[Work task] What you return must be the data below, word for word, without any images.

[Recorded information]
_ _ _

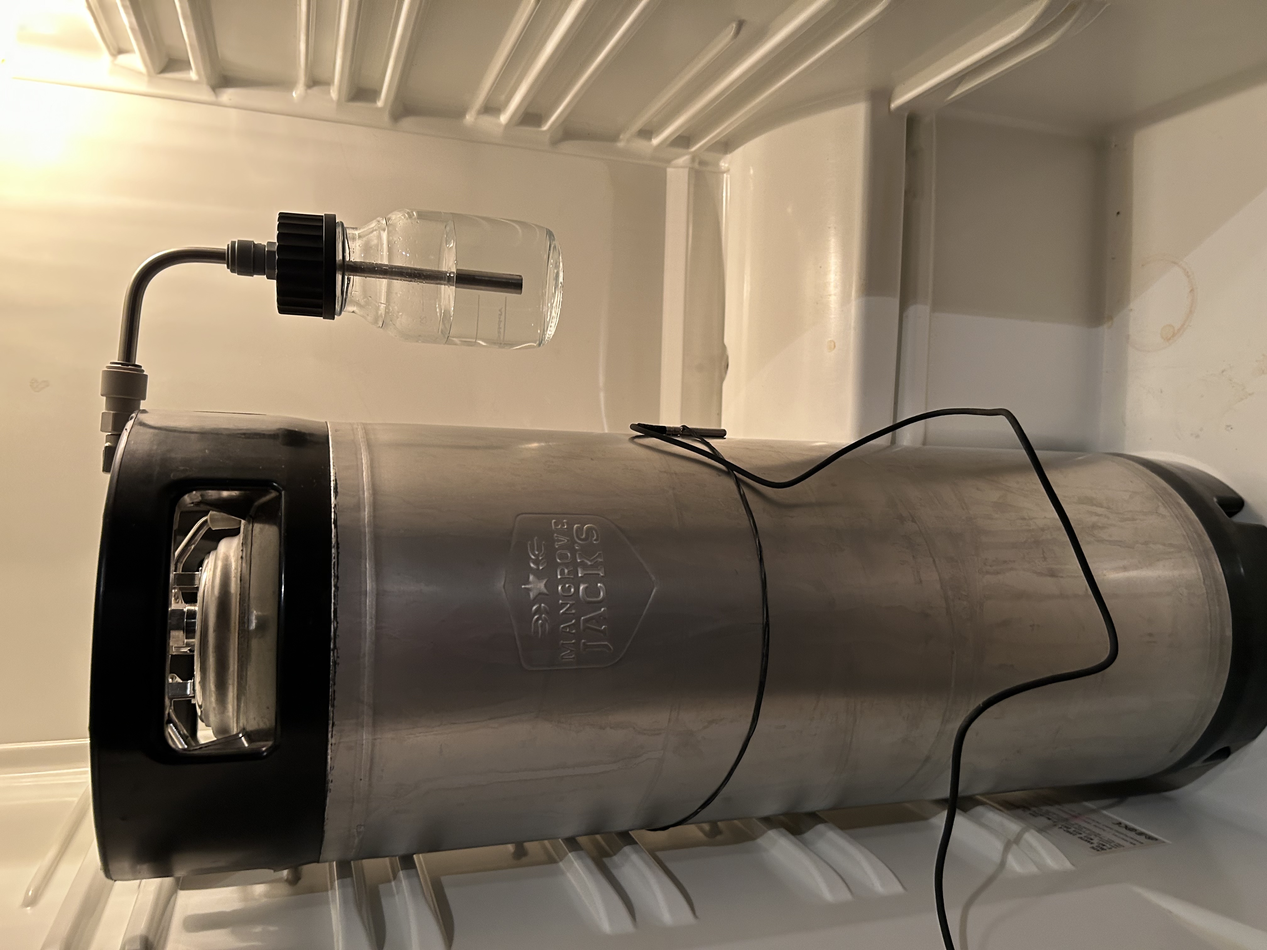 Ich nutze dazu den 15 Gal (57 l) Edelstahl-Bottich von Brewpaganda. Der passt perfekt in die Inkbirdgesteuerte Gefriertruhe.
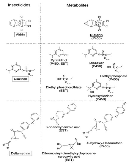 Main EST and P450 metabolites of aldrin, diazinon, and deltamethrin in insects.
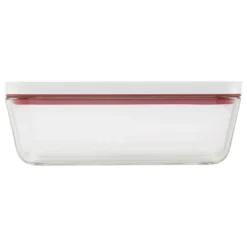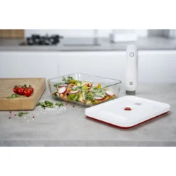 Die Vakuum Box macht mit den roten Farbakzenten in Ventil und Dichtung im Kühlschrank, aber auch beim Servieren am Tisch, eine gute Figur. Zu dem ist sie dank dem bruchsicheren Borosilikatglas auch geeignet für die Verwendung im Ofen bis 180°C ohne Deckel. Da die Kühlschrankbox spülmaschinengeeignet ist, kannst du sie nach Gebrauch leicht reinigen.
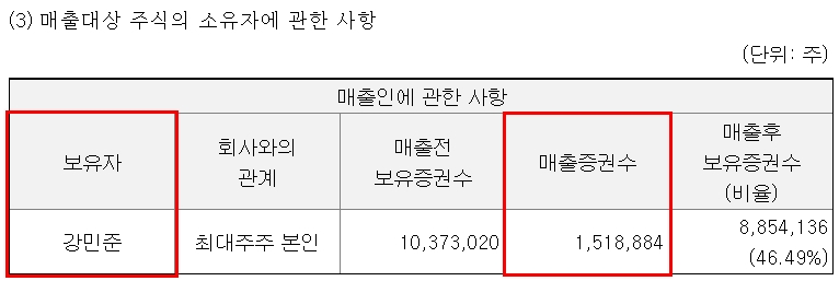 여기서 잠깐 주식 상식! 주식을 새로 발행해서 파는 것을 신주매출이라고 하고, 기존 주주들의 주식을 파는 것을 구주매출이라고 합니다. 즉, 강민준 대표는 전체 공모주의 380만 주 중 40%에 해당되는 150만 주를 팔아서 약 190억 원의 차익을 낸 겁니다.

_ _ _

[Result for this task]
 Ich nutze dazu den 15 Gal (57 l) Edelstahl-Bottich von Brewpaganda. Der passt perfekt in die Inkbirdgesteuerte Gefriertruhe.
 Main EST and P450 metabolites of aldrin, diazinon, and deltamethrin in insects.
 Die Vakuum Box macht mit den roten Farbakzenten in Ventil und Dichtung im Kühlschrank, aber auch beim Servieren am Tisch, eine gute Figur. Zu dem ist sie dank dem bruchsicheren Borosilikatglas auch geeignet für die Verwendung im Ofen bis 180°C ohne Deckel. Da die Kühlschrankbox spülmaschinengeeignet ist, kannst du sie nach Gebrauch leicht reinigen.
 여기서 잠깐 주식 상식! 주식을 새로 발행해서 파는 것을 신주매출이라고 하고, 기존 주주들의 주식을 파는 것을 구주매출이라고 합니다. 즉, 강민준 대표는 전체 공모주의 380만 주 중 40%에 해당되는 150만 주를 팔아서 약 190억 원의 차익을 낸 겁니다.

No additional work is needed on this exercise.